武藤の方がその点で本田に似ている。宇佐美にはない馬力がある。総合力の高い雄大な選手に見える。だが宇佐美は、一瞬のキレ、繊細さという点で、両者より上だ。そこに捨てがたい魅力がある。

 三者に共通しているのは、1.5列目ならどこでもできるという点だ。右も左も真ん中も苦にしない。対応エリアは広い。

 とはいえ、この3人がスタメンに並ぶ姿は想像できない。4−3−3あるいは4-2-3-1の中に落とし込みにくいのだ。アタッカーとして外せない選手はこの他に岡崎慎司がいる。香川真司もいる。

 キャラが被るのは香川だ。そしてこの選手の武器もドリブルになる。特徴は俊敏さを活かしたステップになるが、宇佐美的ではない。どちらかと言えば、スペースに走り込む武藤に似ている。だが、彼にはサイドは務まらない。プレイエリアは他の3人と違い、真ん中に限られている。監督泣かせの選手。「ユーティリティな選手を好む」と言うアギーレには、とりわけ扱いが難しい選手だと言える。

 問題の宇佐美には、少なくともユーティリティ性はある。相手ボール時の対応に難があるデメリットと、それは相殺できるものなのか。アギーレの胸の内は追々、分かってくるだろう。

 アタッカーの定員は決まっている。誰かが入れば、誰かが外れる。宇佐美が入った時、外れるのは誰になるか。ジャマイカ戦で初代表を飾った小林悠より、ポジションを確立していない柿谷曜一郎の方が危なそうだ。

 もちろん香川だって、うかうかしていられない。日本代表のアタッカー陣は、ここに来て競争が激化している。

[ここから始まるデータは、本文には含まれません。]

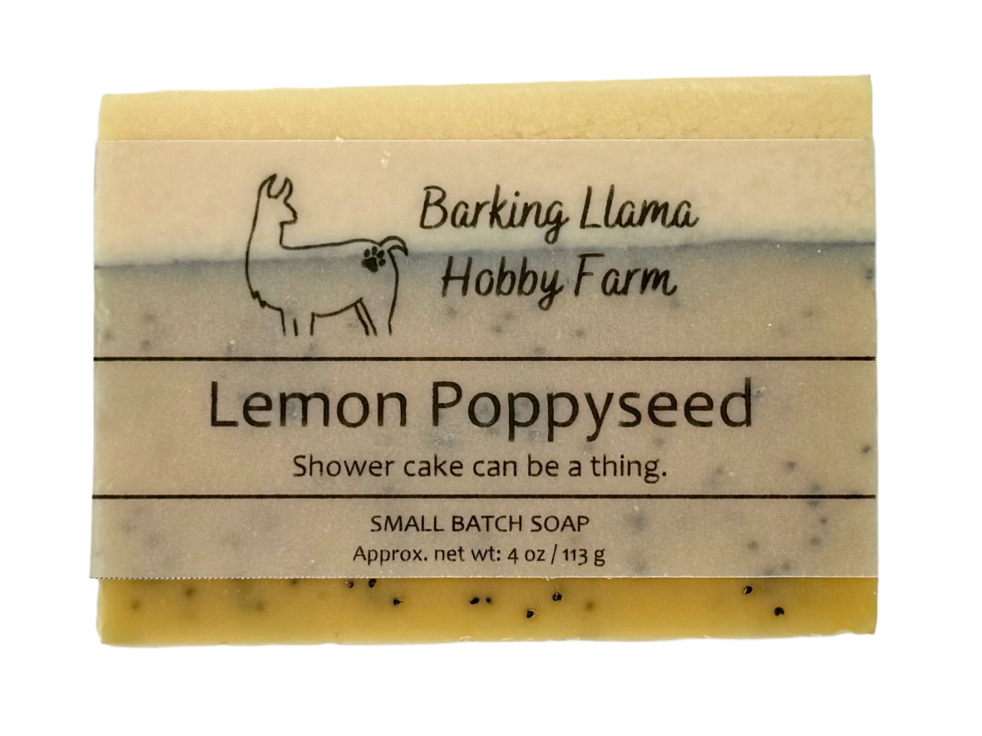 Lard, water, coconut oil, cocoa butter, lye, olive oil, apricot kernel oil, fragrance, castor oil, sugar, sodium lactate, poppyseeds, mica, titanium dioxide, iron oxide, activated charcoal, tussah silk fiber

 それだけに僕は、いまアギーレを批判する材料として用いられている「ベストメンバー論」が、よりナンセンスなものに見える。ベストがどの組み合わせにあるか分からない、混沌とした現状こそが面白い。その熾烈な競争は2018年まで続いた方が代表は強くなる。そうであるに決まっていると僕は思う。